In his remarks, Mr. Clayton addressed the SEC’s nearly year-long initiative to tackle problems with the U.S.’s antiquated proxy process, including a focus on proxy advisory firms. According to Mr. Clayton, the SEC has sought to examine how asset managers are using proxy advisory firms as fiduciaries in voting proxies.
“[The SEC] will be doing rulemaking and guidance [addressing proxy advisory firms],” echoed Bill Hinman, head of the SEC’s Division of Corporation Finance, which writes rules dealing with corporate disclosures and the proxy statement. Mr. Hinman joined Chairman Clayton at the event.
Current shareholder proposal resubmission thresholds are “too low” and will be increased, stated Mr. Hinman, referring to the rules governing how much support a proposal needs to be offered again the following year. He also noted that the agency would seek to ensure that shareholder proponents owned a “meaningful stake” in a company in order to be able to submit proposals in the first place. Current rules allow anyone owning $2,000 of stock for one year to submit a proposal.

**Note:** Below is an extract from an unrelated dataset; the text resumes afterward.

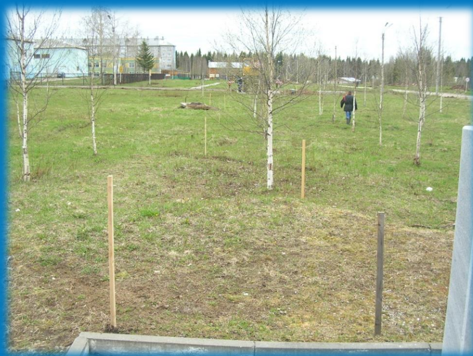
Фото 3. Разметка территории строительства

В 2016 году руководством Синдорского ЛПУМГ было принято решение о вовлечении части финансовых средств, собранных в рамках марафона на строительство сквера.

Buybacks disclosure foreshadowed by Chairman Clayton: Reflecting ongoing criticism of stock buybacks, both Clayton and Hinman noted that it is not the SEC's role to dictate company capital allocation strategies. However, according to Mr. Clayton, the SEC would consider a disclosure where companies would explain why buybacks were chosen as opposed to other approaches, which may include input from the Compensation Committee Chair on how the buybacks were considered in setting executive pay.